What the Heart and Stomach Will No Longer Hold

He walks onto the bus, and the 12-year-old girl in me leaps to attention. Everything about him is wrong for what the middle-aged me wants and needs–it’s obvious in everything from his posture and his grooming to his Converse high-tops, but my body is responding to different cues. I tell myself, “Yes, appealing. No, you may not engage.”

When I get to work and I’m standing in front of the fully stocked refrigerator, I have the same conversation with myself, “Yes, you want it. No, you may not engage.” Except this time I am weeding out the foods that are no longer an option for either my waistline or digestive system.

I have always loved “bad” men and bad food. There are ways in which taking someone or something in and punishment and love were all tangled up and undecipherable in my central nervous system for most of my life.

But not now.

There is a moment in the movie A Beautiful Mind where a man from the Nobel Prize committee asks the schizophrenic mathematician how he’s overcome the voices in his head. He answers, “I haven’t. They’re all right here, right now. I’ve just learned not to engage them.”
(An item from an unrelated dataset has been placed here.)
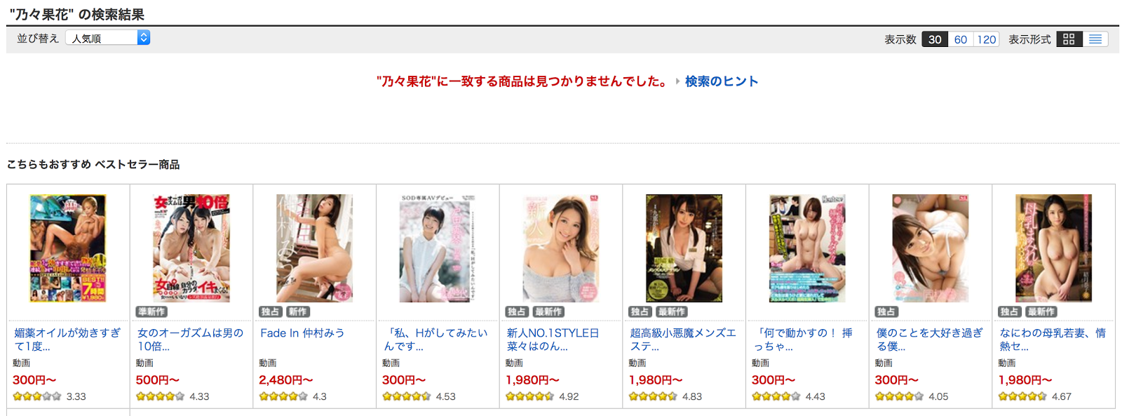 已經有人注意到了,在DMM上已經找不到乃々果花的作品了。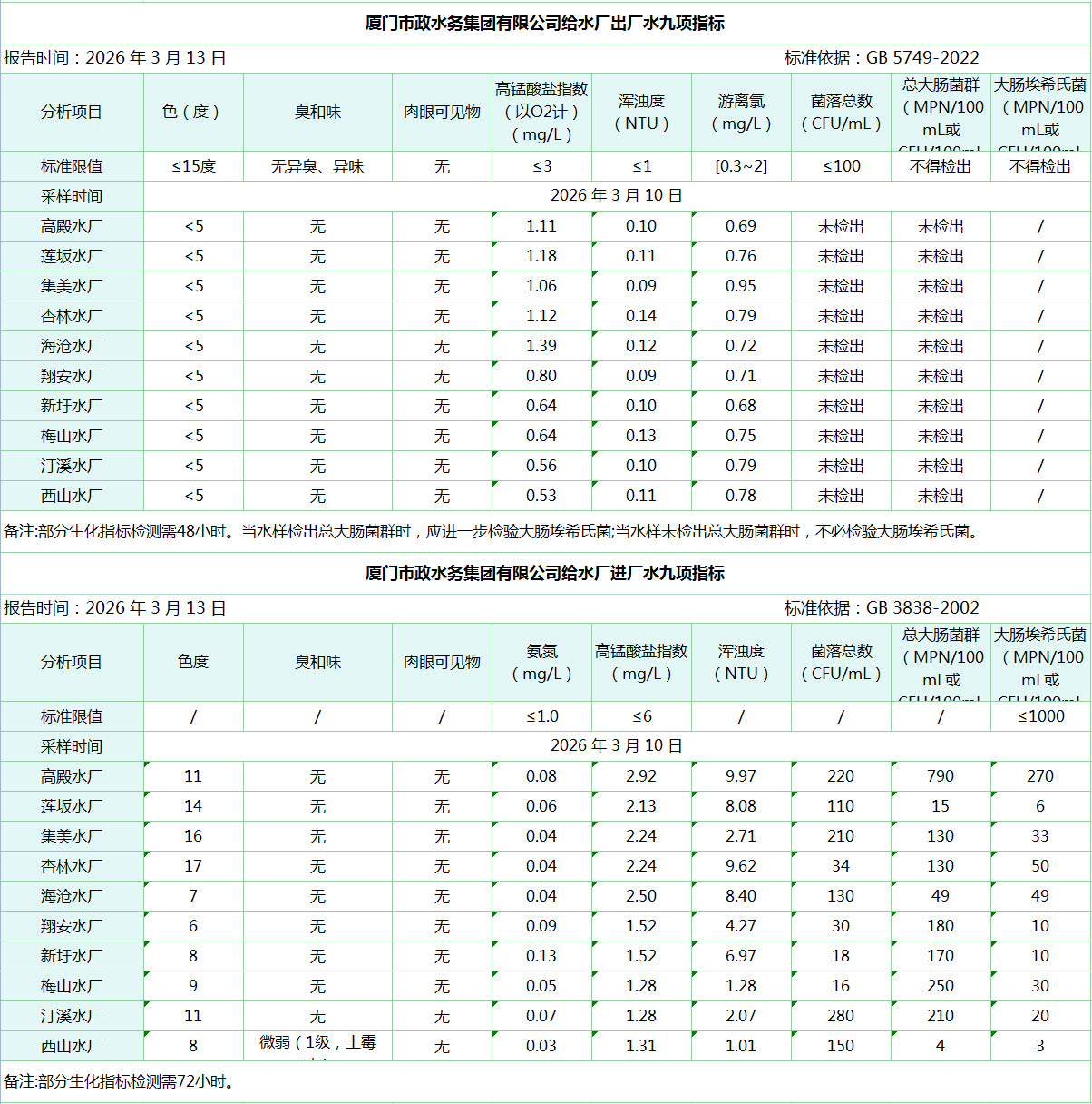 2026年3月10日厦门市政水务集团给水水厂水质信息公布

There is something so peaceful about becoming the adult in relationship with oneself.twit-bird

To allow the desires to exist, to allow the voices to tell their predictable tales. And to interrupt our compulsive responses to them. I can admire the man on the bus every morning, and stand for a long as I need to in front of the Pop Tarts box at work. There are choices to be made and I know how to make them. I will not fill up on what can never truly fill me.